Current location - Loan Platform Complete Network - Big data management - Big Data, is there any requirement for cultural courses to study this
Big Data, is there any requirement for cultural courses to study this
Big Data is now a very broad career path. Broad big data in industry is divided into:

Infrastructure. This position is mainly for big data to provide the underlying storage, infrastructure, etc., the requirement is to be familiar with Hadoop, Spark and other distributed clusters.

Data Warehouse. This position is closely linked to the business, the main work to do is to y understand the business, design a good business scalability of the data warehouse. The requirement is to be able to write SQL and understand data warehouse design.

Data analysis/data mining/algorithm development. This type of position belongs to the application of big data, the work of really transforming data into productivity.

The dependence of these three types of positions is 3->2->1.

We generally say that the direction of big data should be referred to as 3. data analysis/data mining/algorithm development. This position not only to learn the knowledge and skills required for this position, but also must understand the technology of position 1 and 2. For example, you are involved in making a recommendation system, then you have to get the data, simple analysis of the data need to use Sql (generally HiveQL), and then more complex logic have to write MR (MapReduce program, the same below) or Spark program, more complex logic or scenarios that can not be solved by rules, it is necessary to use the knowledge of machine learning and so on. Then from this example, you can see that the knowledge structure you need is:

Will write class SQL (including MySQL, HiveQL, etc.)

Will write MR or Spark program, know the principle of distributed clustering, MapReduce principle is better.

Knowledge of probability theory and statistics.

Machine learning algorithms.

The following is an expansion of these four knowledge structure directions.

Know how to write class SQL

The best way to learn SQL is to write it.

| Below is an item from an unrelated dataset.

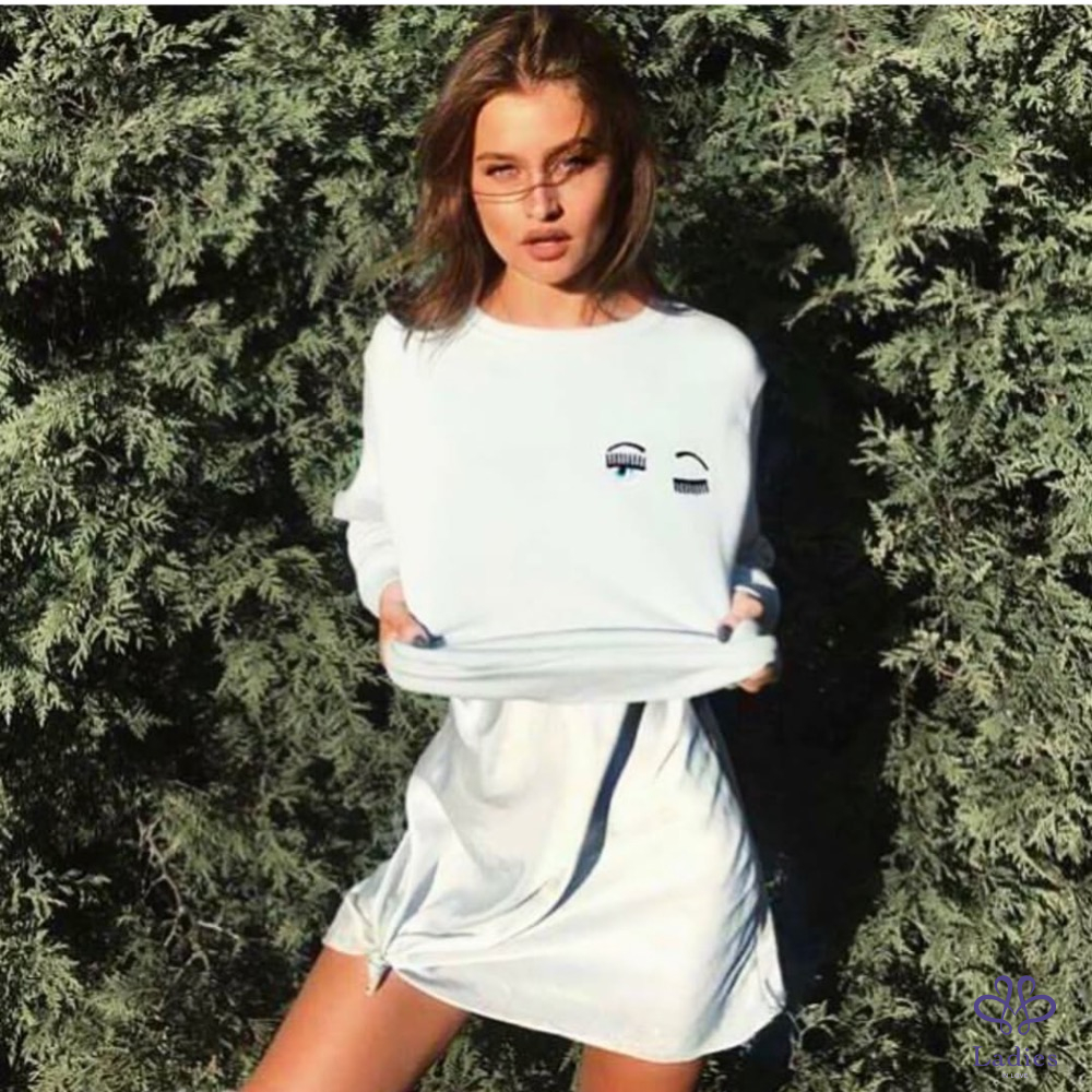 全新Chiara Ferragni可愛眨眼刺繡白色衛衣

Because the syntax of SQL is relatively simple, and there is no principle of architecture or anything, so the best way to learn is to Just write SQL!

Can write MR or Spark programs

When you do data mining and machine learning, whether it's to train a model or to fetch data from Hive, it's more common to write MR or Spark programs. People who do data warehousing put the data into Hive, and then we do analysis and mining directly from the Hive to take the data. How to play with the data taken out depends on statistics and machine learning algorithms. Training models is a computationally intensive task, generally will be put on a distributed cluster to run (Hadoop, Spark cluster) to run, then you need to write distributed computing programs, that is, MR and Spark programs. The approach to learning MR and Spark is also mostly engineering in nature, writing more code. It is also necessary to look at Google's MapReduce paper to understand how MapReduce works.

Probability theory and statistical knowledge

The above mentioned, we do analysis, do mining from Hive out of the data, how to play tricks, algorithms, then this type of algorithms of the mathematical basis of probability theory and statistical learning. Here we recommend two books written by Prof. Chen Xiru of CSU, "Probability Theory and Mathematical Statistics" and "Tutorial on Mathematical Statistics". Mr. Chen is more thorough, my feeling is that it is difficult to gnaw, but after gnawing the understanding is very thorough.